The judgment of the district court is affirmed.
HEANEY, Circuit Judge, concurring in part and dissenting in part.
I concur with the majority's conclusion that the search of the closet was lawful because the closet area was within the apartment's "curtilage." There is, however, no reason for the majority to opine in dicta that McCaster did not have a reasonable expectation of privacy in the duplex's common closet Because they unnecessarily reach this conclusion, I am forced to dissent.
In my view, a tenant in a duplex has a reasonable expectation of privacy in common areas shared only by the duplex's tenants and the landlord. Three cases in our circuit have directly addressed this issue. See United States v. McGrane, 746 F.2d 632 (8th Cir. 1984); United States v. Luschen, 614 F.2d 1164 (1980); and United States v. Eisler, 567 F.2d 814 (8th Cir. 1977). Both McGrane and Luschen follow Eisler and hold that a tenant does not have a reasonable expectation of privacy in the common areas of an apartment building. See Eisler, 567 F.2d at 816; McGrane, 746 F.2d at 634; Luschen, 614 F.2d at 1173. Each of these cases is distinguishable from the facts of this case.

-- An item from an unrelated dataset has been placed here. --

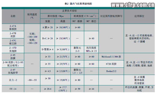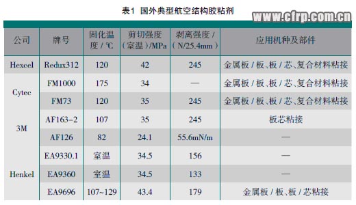 表1、表2分別列出幾種典型國內(nèi)外復(fù)合材料膠粘劑及其基本性能。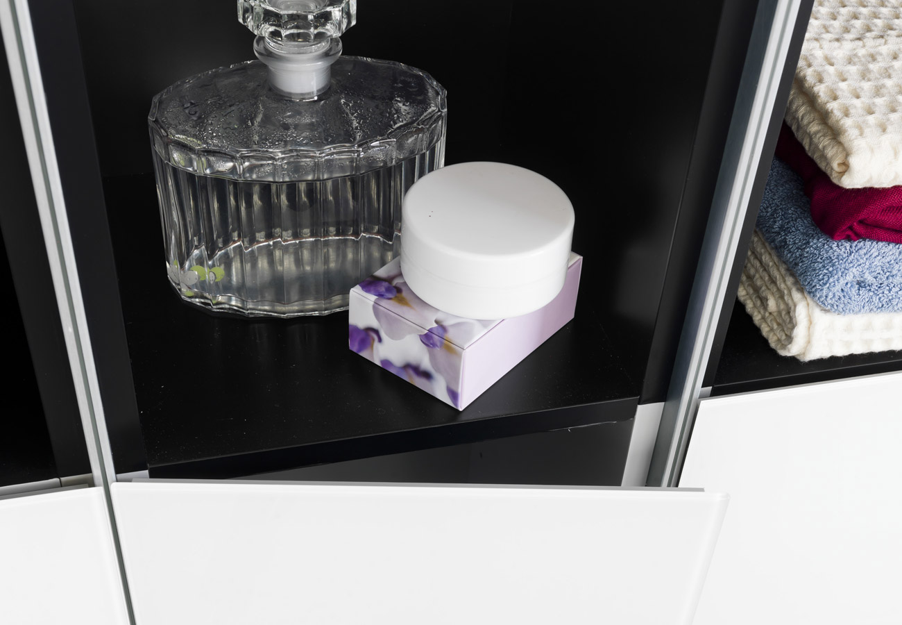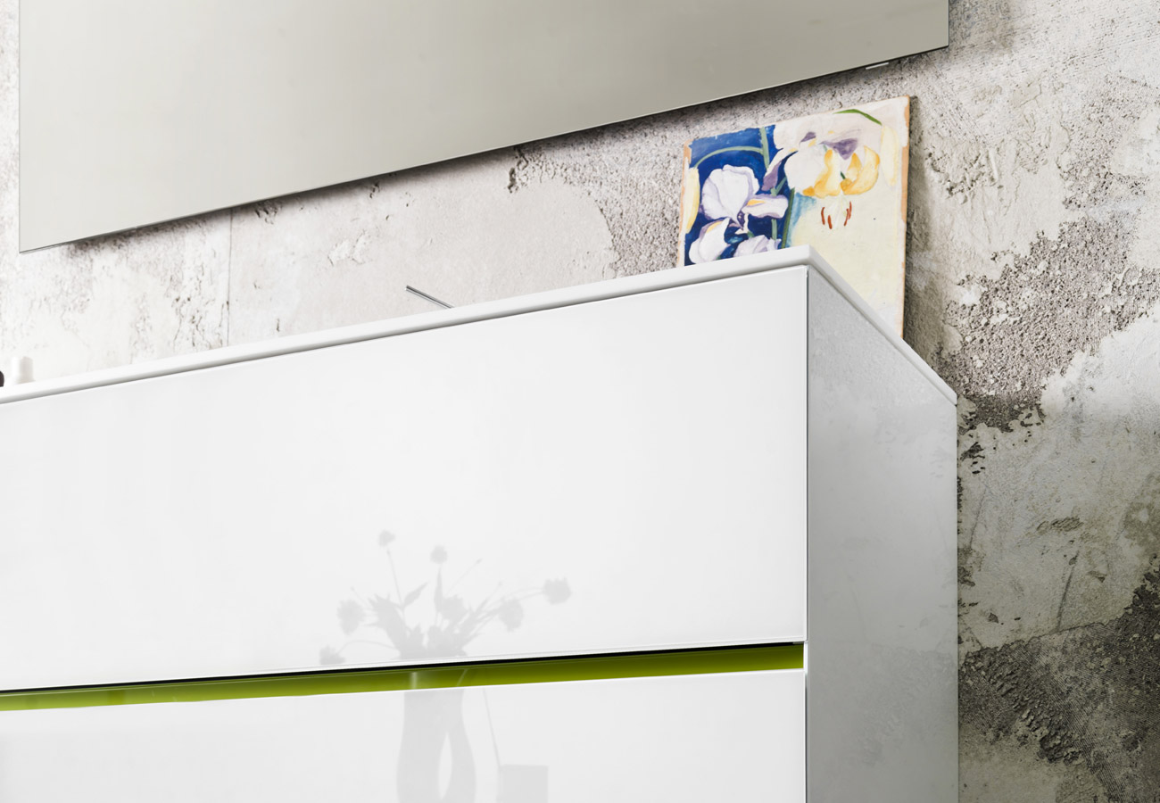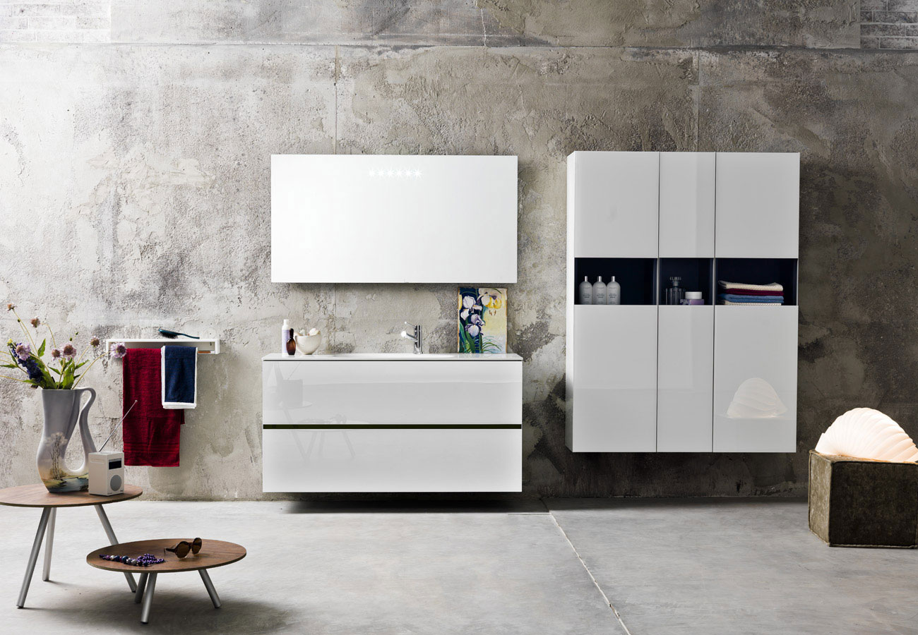 Per questa collezione è stato pensato un lavabo integrato dalla fusione particolare che permette di sfruttare al meglio tutta la profondità del mobile e di poter usufruire di miscelatori sia da appoggio che a muro.

Eisler was the first case to address this issue directly. In Eisler, a DEA agent entered the defendant's apartment complex and surveyed the defendant's apartment from a common hallway. 567 F.2d at 816. From that location, the agent overheard conversations coming from the defendant's apartment. See id. The court held that because the common hallways were available for use by all residents and their guests, as well as the landlord and his agents, the defendant had no reasonable expectation that his conversations, heard from the common hallway, would be free from intrusion. See id.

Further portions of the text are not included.